"""
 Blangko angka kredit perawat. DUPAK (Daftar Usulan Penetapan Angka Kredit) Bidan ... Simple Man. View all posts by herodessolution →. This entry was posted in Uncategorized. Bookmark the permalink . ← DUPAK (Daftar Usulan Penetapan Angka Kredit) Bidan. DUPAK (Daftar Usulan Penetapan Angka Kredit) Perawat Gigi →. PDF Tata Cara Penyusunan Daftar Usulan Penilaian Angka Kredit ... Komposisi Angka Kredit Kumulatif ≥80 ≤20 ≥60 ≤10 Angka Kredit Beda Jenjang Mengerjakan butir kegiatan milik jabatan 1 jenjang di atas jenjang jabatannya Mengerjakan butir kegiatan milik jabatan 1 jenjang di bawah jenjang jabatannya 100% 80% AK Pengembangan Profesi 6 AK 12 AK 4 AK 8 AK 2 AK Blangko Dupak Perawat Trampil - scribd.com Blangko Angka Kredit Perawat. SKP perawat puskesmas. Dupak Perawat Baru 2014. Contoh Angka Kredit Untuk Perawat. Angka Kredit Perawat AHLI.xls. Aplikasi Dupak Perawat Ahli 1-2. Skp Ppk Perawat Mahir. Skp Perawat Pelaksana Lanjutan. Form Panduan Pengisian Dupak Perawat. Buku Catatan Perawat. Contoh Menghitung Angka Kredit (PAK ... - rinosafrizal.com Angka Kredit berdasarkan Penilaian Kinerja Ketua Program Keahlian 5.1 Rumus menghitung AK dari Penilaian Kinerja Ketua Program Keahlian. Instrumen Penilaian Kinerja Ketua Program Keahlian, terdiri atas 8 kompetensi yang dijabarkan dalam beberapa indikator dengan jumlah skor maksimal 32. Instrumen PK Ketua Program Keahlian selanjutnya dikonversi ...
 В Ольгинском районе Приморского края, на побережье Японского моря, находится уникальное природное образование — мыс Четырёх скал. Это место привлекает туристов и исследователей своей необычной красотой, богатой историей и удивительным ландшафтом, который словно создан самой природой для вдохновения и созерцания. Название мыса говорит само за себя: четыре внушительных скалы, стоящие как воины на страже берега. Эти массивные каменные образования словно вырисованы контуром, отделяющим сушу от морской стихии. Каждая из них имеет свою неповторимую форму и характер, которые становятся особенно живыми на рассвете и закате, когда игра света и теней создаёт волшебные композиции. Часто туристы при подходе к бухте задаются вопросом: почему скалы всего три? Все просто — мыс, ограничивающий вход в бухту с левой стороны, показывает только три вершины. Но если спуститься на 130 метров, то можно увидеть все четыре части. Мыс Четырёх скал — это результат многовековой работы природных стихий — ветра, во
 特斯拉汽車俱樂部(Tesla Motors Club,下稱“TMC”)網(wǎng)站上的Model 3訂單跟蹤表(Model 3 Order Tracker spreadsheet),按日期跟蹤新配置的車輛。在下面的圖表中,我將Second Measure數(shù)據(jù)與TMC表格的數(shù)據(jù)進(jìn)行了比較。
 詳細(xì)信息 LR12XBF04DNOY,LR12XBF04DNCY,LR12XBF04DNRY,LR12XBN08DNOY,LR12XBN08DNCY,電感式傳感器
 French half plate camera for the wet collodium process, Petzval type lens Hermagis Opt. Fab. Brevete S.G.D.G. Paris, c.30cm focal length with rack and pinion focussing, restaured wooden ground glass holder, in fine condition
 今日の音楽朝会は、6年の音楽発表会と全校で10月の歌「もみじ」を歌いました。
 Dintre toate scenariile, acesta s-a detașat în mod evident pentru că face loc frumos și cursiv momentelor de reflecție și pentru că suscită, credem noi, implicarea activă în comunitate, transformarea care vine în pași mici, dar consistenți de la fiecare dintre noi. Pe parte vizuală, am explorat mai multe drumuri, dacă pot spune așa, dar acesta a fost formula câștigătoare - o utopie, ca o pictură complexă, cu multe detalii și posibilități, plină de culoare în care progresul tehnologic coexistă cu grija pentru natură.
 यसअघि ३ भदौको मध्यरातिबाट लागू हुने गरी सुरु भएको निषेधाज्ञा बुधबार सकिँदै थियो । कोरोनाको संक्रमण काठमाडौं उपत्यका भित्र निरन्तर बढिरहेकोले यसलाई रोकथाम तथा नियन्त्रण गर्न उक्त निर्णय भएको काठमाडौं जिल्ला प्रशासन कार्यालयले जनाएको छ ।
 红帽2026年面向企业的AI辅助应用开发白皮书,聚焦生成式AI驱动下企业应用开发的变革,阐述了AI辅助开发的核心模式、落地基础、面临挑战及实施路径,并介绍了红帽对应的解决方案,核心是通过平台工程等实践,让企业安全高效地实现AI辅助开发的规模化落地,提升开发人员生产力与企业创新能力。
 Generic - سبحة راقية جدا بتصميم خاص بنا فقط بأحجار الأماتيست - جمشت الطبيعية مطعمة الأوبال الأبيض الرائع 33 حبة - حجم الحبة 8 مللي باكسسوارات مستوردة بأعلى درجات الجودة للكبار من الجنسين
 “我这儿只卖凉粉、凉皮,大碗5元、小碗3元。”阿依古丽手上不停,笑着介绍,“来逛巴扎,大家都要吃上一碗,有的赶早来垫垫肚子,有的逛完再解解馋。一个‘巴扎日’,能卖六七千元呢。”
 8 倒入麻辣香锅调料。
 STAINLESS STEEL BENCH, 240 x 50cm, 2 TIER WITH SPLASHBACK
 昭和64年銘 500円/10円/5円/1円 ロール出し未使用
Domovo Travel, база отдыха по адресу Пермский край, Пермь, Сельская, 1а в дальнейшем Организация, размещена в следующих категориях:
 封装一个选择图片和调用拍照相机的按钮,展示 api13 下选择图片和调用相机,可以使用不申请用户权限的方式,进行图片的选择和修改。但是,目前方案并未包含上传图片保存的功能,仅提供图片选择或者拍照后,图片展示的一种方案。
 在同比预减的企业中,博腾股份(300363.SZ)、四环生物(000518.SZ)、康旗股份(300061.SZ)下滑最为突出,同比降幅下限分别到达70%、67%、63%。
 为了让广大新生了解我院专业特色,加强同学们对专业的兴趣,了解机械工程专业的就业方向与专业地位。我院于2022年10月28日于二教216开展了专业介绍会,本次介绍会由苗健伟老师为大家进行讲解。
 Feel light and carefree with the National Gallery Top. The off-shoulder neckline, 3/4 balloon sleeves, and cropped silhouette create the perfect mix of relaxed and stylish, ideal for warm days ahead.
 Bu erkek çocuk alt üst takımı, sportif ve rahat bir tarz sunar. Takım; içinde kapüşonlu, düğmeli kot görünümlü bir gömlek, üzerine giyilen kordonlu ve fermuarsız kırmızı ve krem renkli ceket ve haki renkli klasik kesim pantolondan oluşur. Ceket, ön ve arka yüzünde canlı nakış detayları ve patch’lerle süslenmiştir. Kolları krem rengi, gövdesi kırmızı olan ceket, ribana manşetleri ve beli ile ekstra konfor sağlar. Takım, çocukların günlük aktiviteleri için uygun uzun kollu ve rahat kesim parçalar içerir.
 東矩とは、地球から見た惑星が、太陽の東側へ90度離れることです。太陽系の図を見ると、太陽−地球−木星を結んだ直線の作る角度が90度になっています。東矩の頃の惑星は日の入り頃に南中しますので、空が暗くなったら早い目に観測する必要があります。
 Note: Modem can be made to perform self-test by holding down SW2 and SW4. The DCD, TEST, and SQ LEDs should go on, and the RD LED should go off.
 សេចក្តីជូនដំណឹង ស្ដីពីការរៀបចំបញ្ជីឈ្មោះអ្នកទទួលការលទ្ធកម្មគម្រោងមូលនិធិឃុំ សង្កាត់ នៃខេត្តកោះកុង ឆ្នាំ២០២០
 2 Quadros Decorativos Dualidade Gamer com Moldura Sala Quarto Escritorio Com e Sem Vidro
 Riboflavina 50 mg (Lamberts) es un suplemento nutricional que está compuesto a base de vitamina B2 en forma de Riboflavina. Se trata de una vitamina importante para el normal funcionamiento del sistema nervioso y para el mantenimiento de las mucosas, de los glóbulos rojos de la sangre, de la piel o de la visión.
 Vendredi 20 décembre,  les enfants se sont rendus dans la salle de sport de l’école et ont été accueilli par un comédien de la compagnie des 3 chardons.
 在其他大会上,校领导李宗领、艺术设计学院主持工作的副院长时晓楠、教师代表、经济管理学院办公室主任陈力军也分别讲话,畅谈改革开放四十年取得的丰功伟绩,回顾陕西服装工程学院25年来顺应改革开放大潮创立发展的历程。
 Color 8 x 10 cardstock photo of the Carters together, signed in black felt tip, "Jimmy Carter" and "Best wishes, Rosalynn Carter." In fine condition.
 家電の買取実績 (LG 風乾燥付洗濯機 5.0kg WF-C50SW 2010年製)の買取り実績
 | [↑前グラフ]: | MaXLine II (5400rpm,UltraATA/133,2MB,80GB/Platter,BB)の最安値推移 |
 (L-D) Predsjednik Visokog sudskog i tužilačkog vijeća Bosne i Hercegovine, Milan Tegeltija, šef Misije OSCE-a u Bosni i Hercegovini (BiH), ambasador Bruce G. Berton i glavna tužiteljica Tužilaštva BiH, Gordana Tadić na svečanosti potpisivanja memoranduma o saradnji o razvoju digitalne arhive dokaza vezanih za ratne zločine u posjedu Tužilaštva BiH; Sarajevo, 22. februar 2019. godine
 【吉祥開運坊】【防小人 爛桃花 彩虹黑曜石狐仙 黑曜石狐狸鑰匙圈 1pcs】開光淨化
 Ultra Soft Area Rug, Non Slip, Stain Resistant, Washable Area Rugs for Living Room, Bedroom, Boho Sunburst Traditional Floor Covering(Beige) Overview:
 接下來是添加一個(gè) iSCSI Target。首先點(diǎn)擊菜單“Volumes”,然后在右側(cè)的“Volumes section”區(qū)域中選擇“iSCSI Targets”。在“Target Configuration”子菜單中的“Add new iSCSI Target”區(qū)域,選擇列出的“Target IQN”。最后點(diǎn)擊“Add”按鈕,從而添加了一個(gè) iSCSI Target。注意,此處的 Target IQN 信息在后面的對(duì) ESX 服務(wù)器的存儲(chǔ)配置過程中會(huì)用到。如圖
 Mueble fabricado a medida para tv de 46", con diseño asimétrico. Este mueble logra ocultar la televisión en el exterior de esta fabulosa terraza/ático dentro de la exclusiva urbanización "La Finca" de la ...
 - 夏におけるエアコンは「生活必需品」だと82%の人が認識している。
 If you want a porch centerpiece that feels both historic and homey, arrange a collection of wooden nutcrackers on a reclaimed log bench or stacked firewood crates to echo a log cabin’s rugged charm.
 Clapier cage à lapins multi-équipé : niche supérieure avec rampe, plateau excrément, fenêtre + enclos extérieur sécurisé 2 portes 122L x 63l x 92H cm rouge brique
"""
- PROBLEM REQUIREMENTS
Within the listing above, the range opens at the line with "为了让广大新生了解我院专业特" and closes at the line with "Riboflavina 50 mg". Reproduce exactly the lines of that range, including both ends.

- REPLY TO THE TASK
 为了让广大新生了解我院专业特色,加强同学们对专业的兴趣,了解机械工程专业的就业方向与专业地位。我院于2022年10月28日于二教216开展了专业介绍会,本次介绍会由苗健伟老师为大家进行讲解。
 Feel light and carefree with the National Gallery Top. The off-shoulder neckline, 3/4 balloon sleeves, and cropped silhouette create the perfect mix of relaxed and stylish, ideal for warm days ahead.
 Bu erkek çocuk alt üst takımı, sportif ve rahat bir tarz sunar. Takım; içinde kapüşonlu, düğmeli kot görünümlü bir gömlek, üzerine giyilen kordonlu ve fermuarsız kırmızı ve krem renkli ceket ve haki renkli klasik kesim pantolondan oluşur. Ceket, ön ve arka yüzünde canlı nakış detayları ve patch’lerle süslenmiştir. Kolları krem rengi, gövdesi kırmızı olan ceket, ribana manşetleri ve beli ile ekstra konfor sağlar. Takım, çocukların günlük aktiviteleri için uygun uzun kollu ve rahat kesim parçalar içerir.
 東矩とは、地球から見た惑星が、太陽の東側へ90度離れることです。太陽系の図を見ると、太陽−地球−木星を結んだ直線の作る角度が90度になっています。東矩の頃の惑星は日の入り頃に南中しますので、空が暗くなったら早い目に観測する必要があります。
 Note: Modem can be made to perform self-test by holding down SW2 and SW4. The DCD, TEST, and SQ LEDs should go on, and the RD LED should go off.
 សេចក្តីជូនដំណឹង ស្ដីពីការរៀបចំបញ្ជីឈ្មោះអ្នកទទួលការលទ្ធកម្មគម្រោងមូលនិធិឃុំ សង្កាត់ នៃខេត្តកោះកុង ឆ្នាំ២០២០
 2 Quadros Decorativos Dualidade Gamer com Moldura Sala Quarto Escritorio Com e Sem Vidro
 Riboflavina 50 mg (Lamberts) es un suplemento nutricional que está compuesto a base de vitamina B2 en forma de Riboflavina. Se trata de una vitamina importante para el normal funcionamiento del sistema nervioso y para el mantenimiento de las mucosas, de los glóbulos rojos de la sangre, de la piel o de la visión.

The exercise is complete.